Mr. Echols said that voters have been cooped up for so long in states with strict lockdowns that they have welcomed the chance to talk to volunteers on their doorsteps.

Down-ticket Democrats, meanwhile, are bucking Mr. Biden’s strategy.

Growing fears about being outflanked on the ground have led some Democrats running in competitive races to rush volunteers back into the field.

Biden campaign manager Jen O’Malley, though, has cast door-knocking as an antiquated way of winning the hearts and minds of voters.

“While you might hear our opponent spend a lot of time talking about the millions of door knocks or attempts that they’re making week to week, those metrics actually don’t have any impact on reaching voters,” Ms. O’Malley told reporters in a recent conference call.

“I know the Republicans want to say, ‘Oh, we have a million door knocks a week.’ Well, that doesn’t really matter,” she said. ” What matters is the conversations you’re having.”

The Biden campaign says it has over 2,500 staff across battlegrounds engaging with voters via phone calls, texting and online messaging, and that it had over 2.5 million conversations with voters in those states in August.

Mr. Trump, meanwhile, has been barnstorming the battlegrounds since the close of the Republican National Convention three weeks ago, traveling to New Hampshire, Pennsylvania, North Carolina, Michigan, Nevada, Arizona, Wisconsin, and Ohio.

He’s scheduled rallies Thursday in Florida, Friday in Virginia, and Saturday in Pennsylvania.

Mr. Biden is less active. He has traveled to Wisconsin, Michigan, Pennsylvania, Florida, and North Carolina since the Democratic National Convention closed out a month ago.

Some have likened Mr. Biden’s approach to former President Ronald Reagan’s re-election bid in 1984 against Walter Mondale when some of the president’s advisors thought a cautious approach was the best way to avoid the sort of senior moment that could undercut his image as a strong leader.

Democrats tried to goad Mr. Reagan to be more active in much the same way Mr. Trump and his allies are trying to egg on Mr. Biden.

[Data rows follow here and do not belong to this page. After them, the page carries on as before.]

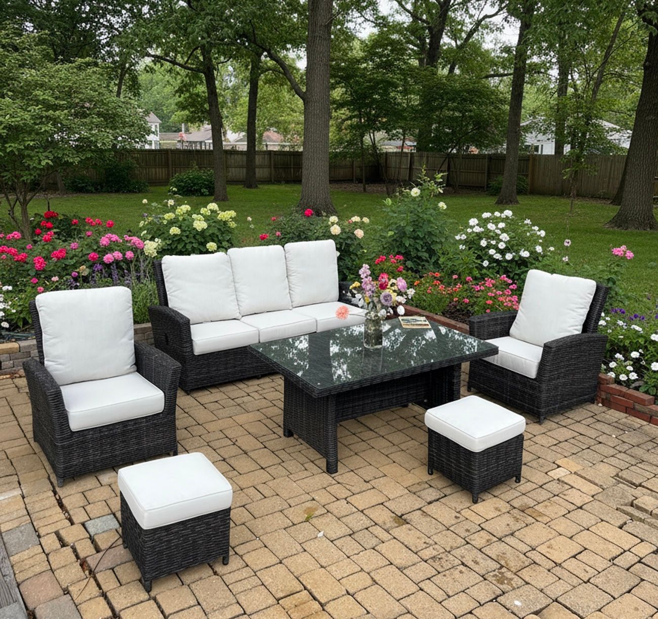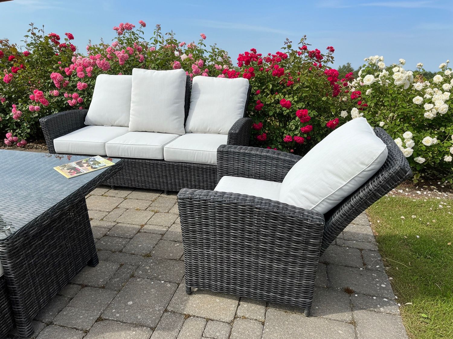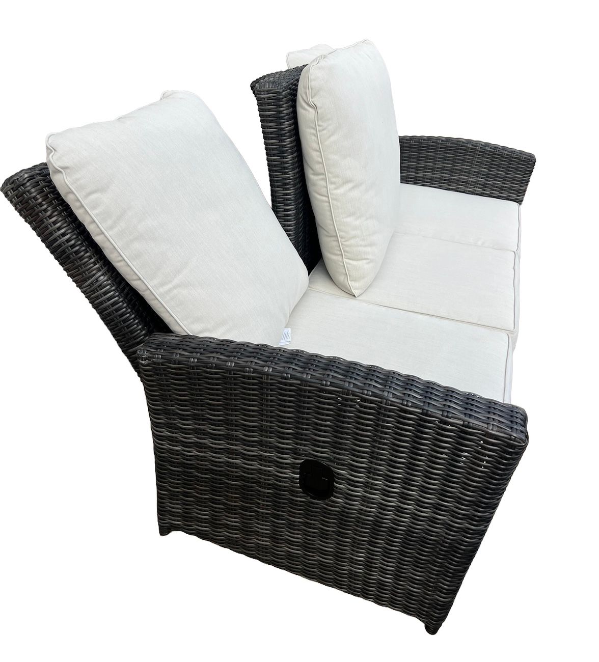 What better way to enjoy your time outside than to sit back and relax. This set features reclining backs for the ultimate comfort. These "All Weather" sets feature strong tubular aluminum frames and handwoven resin wicker. Cushions in your choice of indoor/outdoor fabrics. Sunbrella fabrics are available for an additional cost. Gray finish.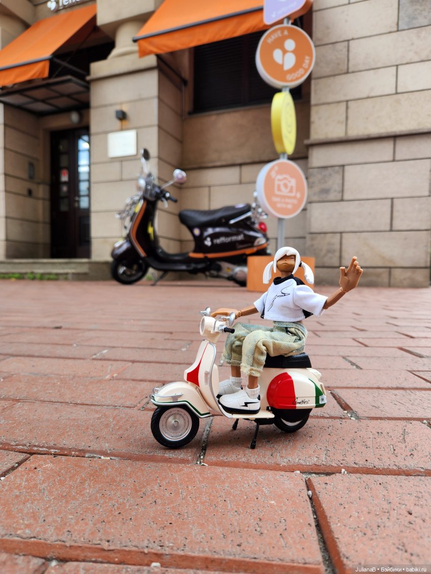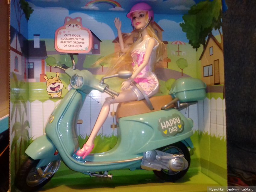 Мой «барбейский» вело-автопарк не мог обойтись без скутера (*^-^*). Но чаще всего мне попадались «двухколёсные друзья» в розово-фиолетовых цветах. А хотелось хоть как-то разнообразить цветовую гамму. И, наконец-то, «я встретила его» (*^-^*).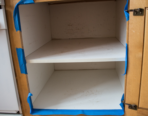 There really isn’t a lot of need to do much masking…and a little bit of newspaper was enough to keep the area around the single cabinet free from drips.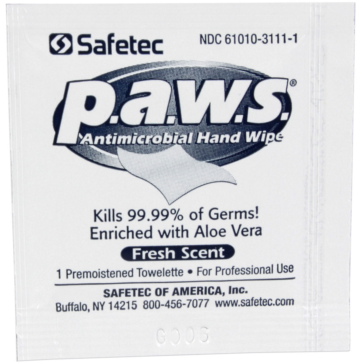 Safetec® p.a.w.s.® Antimicrobial Hand Wipes Helps Reduce the Risk of Cross-Contamination and Infection Formulated with 66.5% ethyl-alcohol to help you meet CDC, APIC and OSHA handwashing recommendations. P.a.w.s.® wipes sanitize while removing soil and debris from hands, an important function in the absence of soap and water. Convenient packaging is great for first aid kits, the office, purses, bags, hospitals, vehicles and workshops. Make hand hygiene a priority at your facility! Provide p.a.w.s.® to your staff for effective, proven protection against potential infections and germs.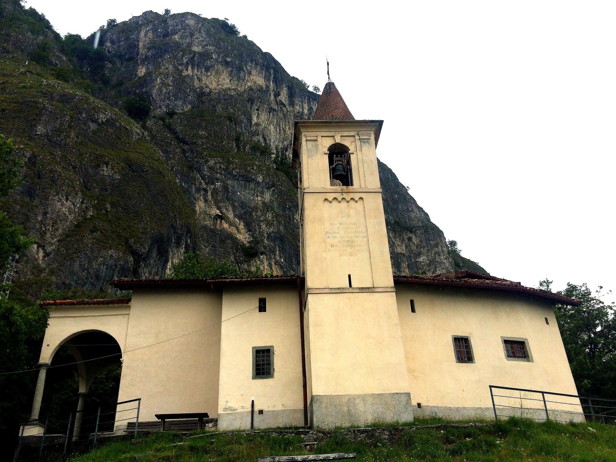 I spied a church halfway up the cliff face.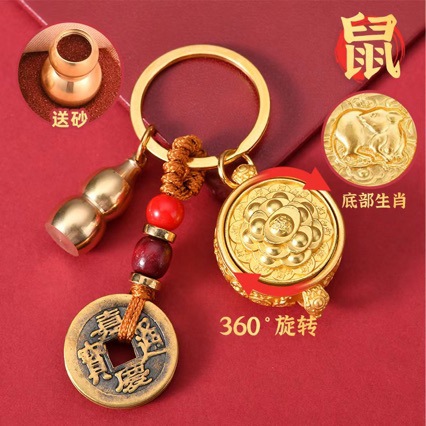 热销新款十二生肖招财聚宝盆转转随身挂饰汽车钥匙扣挂件创意礼品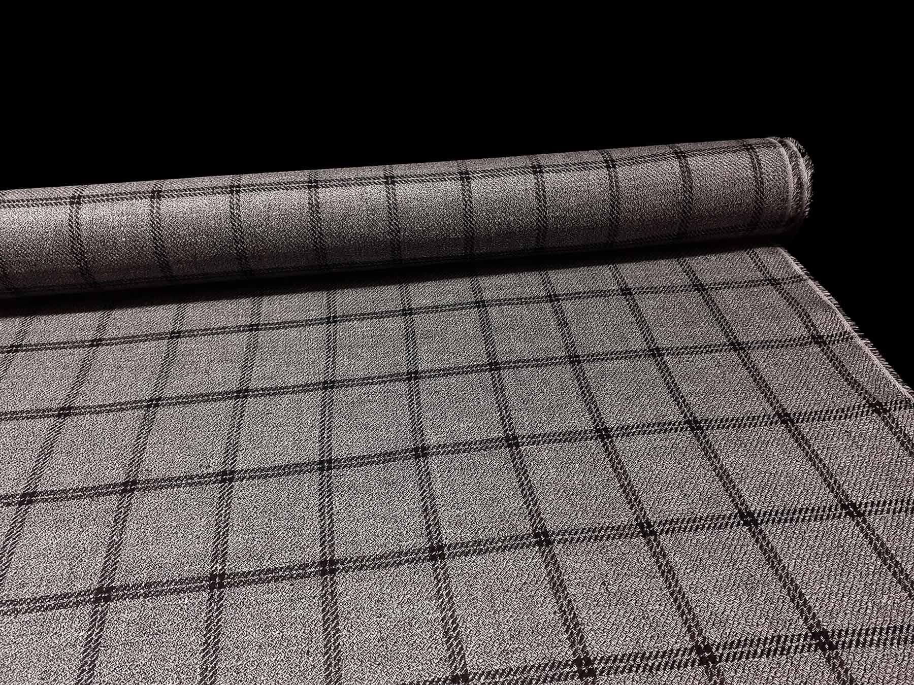 Puro lino fantasia grisaglia finestrata sul nero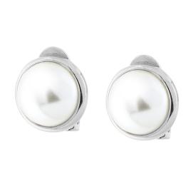 Orecchini semisfera con chiusura a clip e perla bianca in vetro perlato.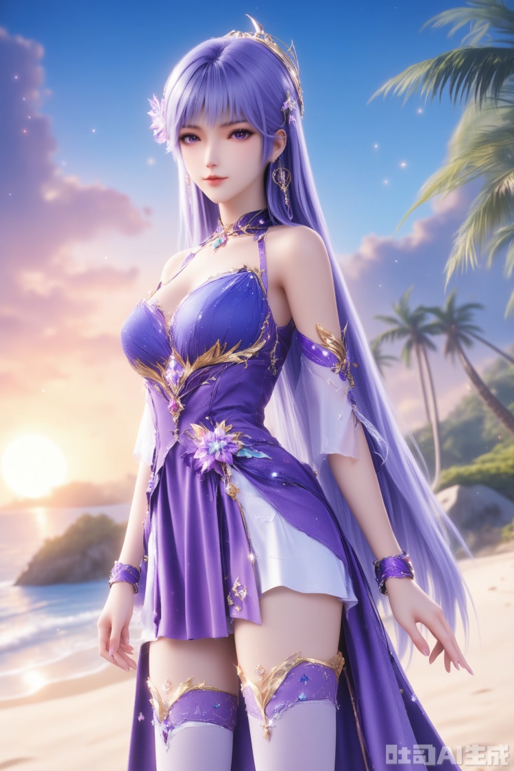 1girl, solo, long hair, breasts, looking at viewer, blue eyes, hair ornament, thighhighs, dress, bare shoulders, jewelry, purple eyes, purple hair, earrings, detached sleeves,purple dress,masterpiece,best quality,official art,extremely detailed CG unity 8k wallpaper,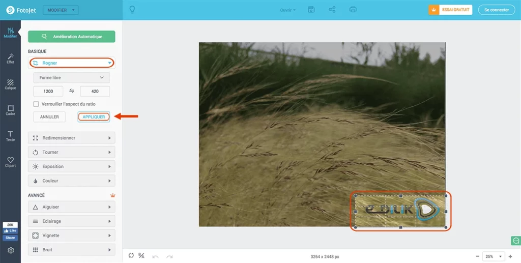 Un fois votre image importer, cliquez sur « Rogner », modifier la taille, déplacer la fenêtre sur l’image si besoin puis cliquez sur « APPLIQUEZ »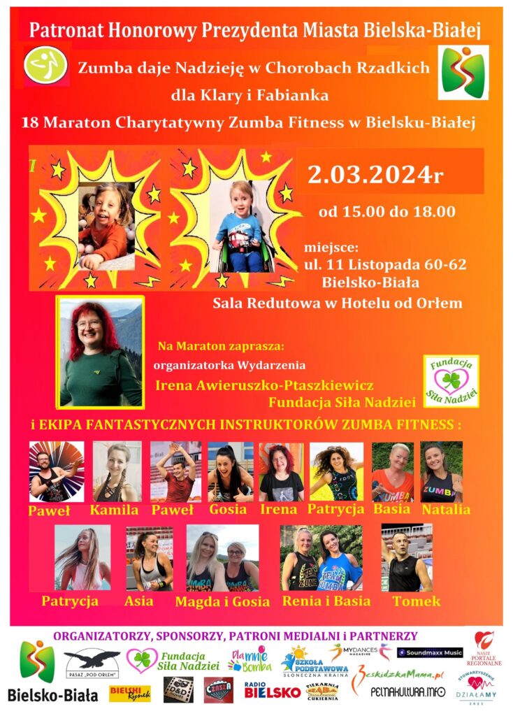 Za nami przepiękne wydarzenie: Zumba daje Nadzieję w Chorobach Rzadkich dla Klary i Fabianka -18 Maraton Charytatywny Zumby w BB w bajkowej Sali Redutowej w Hotelu pod Orłem w Bielsku-Białej. Jego organizatorką jest niezastąpiona Irena Awieruszko-Ptaszkiewicz, która po raz 18-sty wspólnie ze skupioną wokół niej społecznością taneczną Zumba Fitness okazała serce najbardziej potrzebującym naszej pomocy. I chociaż to spektakularne wydarzenie jest już za nami teraz również my, mamy szansę pomóc wpłacając datki na rzecz Klary i Fabianka!

Then-Sen. Gary Hart of Colorado charged that Mr. Reagan’s image would fall apart if he operated outside of the “movie facade” campaign rallies staged by the White House.

Craig Shirley, a Reagan biographer, said Mr. Biden’s approach is more like the “Rose Garden” strategy that former President Gerald Ford embraced against Jimmy Carter in the 1976 presidential race.

Mr. Shirley said the big question for Mr. Biden is whether he’s offered voters enough to get behind him.

“You can’t beat something with nothing,” Mr. Shirley said. “The other thing is if you are going to beat something with nothing, you have to do two things: You have to define your opponent and you have to offer policies that the American people agree are going to solve their problems.”

“So Biden better make a damn compelling reason why Trump has failed the last four years and why his policies are better than Trump’s,” he said.